Depuis plus de 10 ans, le Fonds des nations unies pour la population (FNUAP) et l´Organisation des nations unies pour l´alimentation et l´agriculture (FAO) collaborent pour assister le gouvernement camerounais dans son combat contre la pauvreté et pour l´amélioration de la qualité de vie des populations.

La FAO, au titre d´agence d´exécution du projet Information-Education-Communication communautaire en Santé de la reproduction (IEC/SR) au Cameroun, a estimé nécessaire l´implantation de deux radios rurales communautaires.

Une étude comparative a été menée dans le but d´identifier les sites bénéficiaires des deux radios rurales qui auront une fonction essentielle dans l´information des populations spécialement sur les thèmes de la santé de la reproduction et la sécurité alimentaire. Critères pour le choix des sites étaient non seulement le besoin en information des populations mais aussi la capacité des communautés à s´auto financer et à gérer ces structures. Le District de santé d´Eséka dans la province du Centre et le District de santé de Mokolo dans la province de l´Extrême-Nord, ont été retenus.

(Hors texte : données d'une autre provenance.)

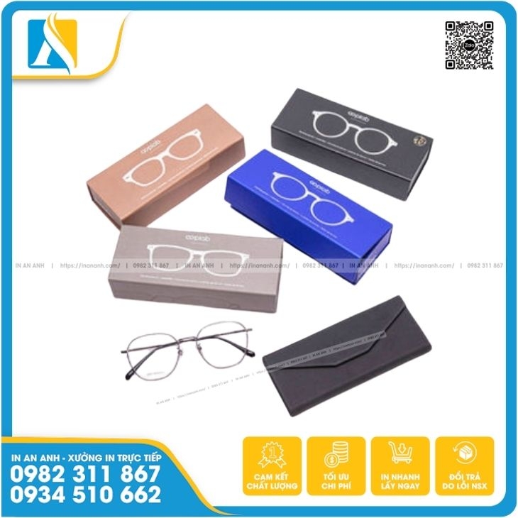 Hộp đựng kính không chỉ giúp bảo vệ tròng kính và gọng kính khỏi trầy xước, va đập mà còn góp phần tăng tính thẩm mỹ, thể hiện phong cách thời trang riêng. Nếu bạn đang quan tâm đến dịch vụ in hộp giấy đựng mắt kính chất lượng, bài viết dưới đây từ In An Anh sẽ cung cấp đầy đủ thông tin cũng như giới thiệu quy trình in ấn chi tiết để bạn tham khảo.
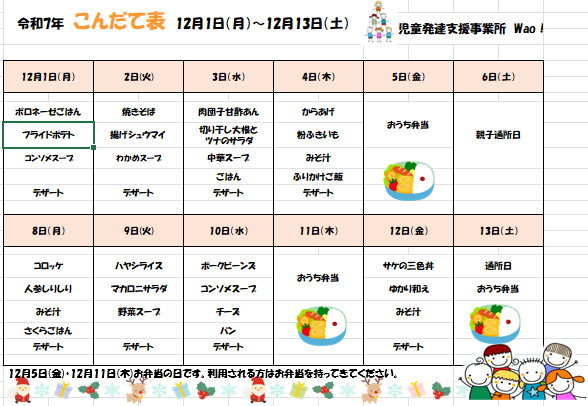 本⽇の給⾷、活動報告、イベント、お休みのご案内、療育コラムなどこちらのお知らせより発信していきます。
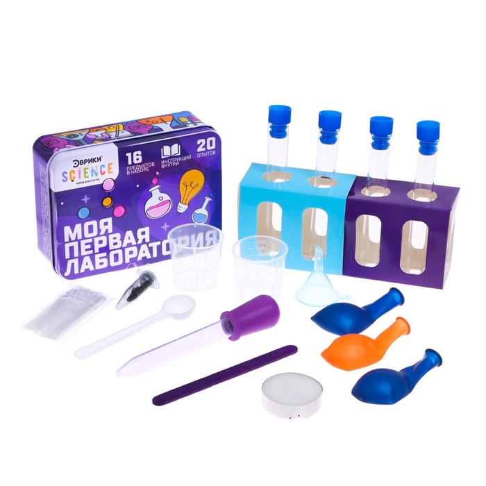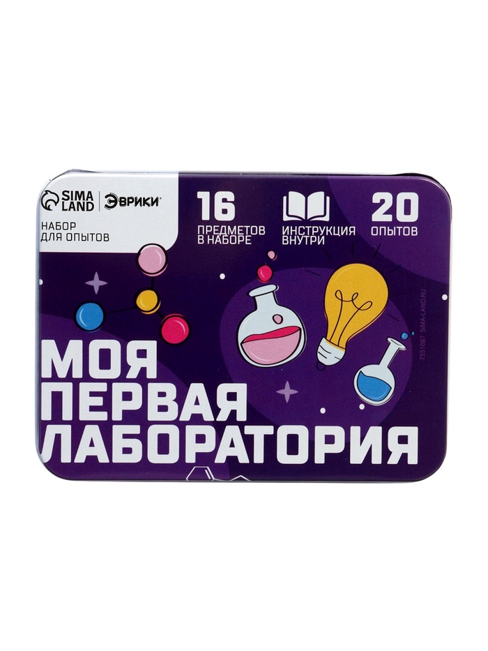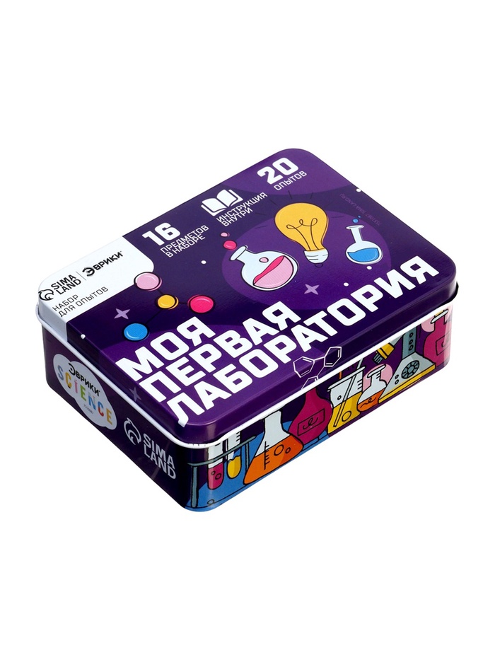 Яркая и удобная металлическая упаковка позволит переносить мини-лабораторию и проводить опыты в любых условиях!

Les attentes et les contraintes des différentes composantes de la société par rapport à l´implantation d´une radio rurale communautaire ont été identifiées dans le District de santé de Mokolo. Les données relatives à ces attentes et à ces contraintes, ont ainsi été classées en fonction des groupes cibles suivants:

Les associations des femmes ont mis en évidence la nécessité d´informations utiles à l´épanouissement de la femme. Elles voudraient bénéficier des émissions qui transmettent des connaissances sur la vie familiale, sur la santé de la mère et de l´enfant, sur l´éducation des enfants et sur l´emploi pour les femmes. Elles craignent par contre que le comité de gestion de la radio soit mal organisé ou inexistant et que les personnes en charge de la gestion quotidienne de la radio soit trop timides dans leur engagement voire même pas motivées pour le travail. Un autre problème pourrait se présenter: les difficultés des communautés à contribuer financièrement au fonctionnement de la radio.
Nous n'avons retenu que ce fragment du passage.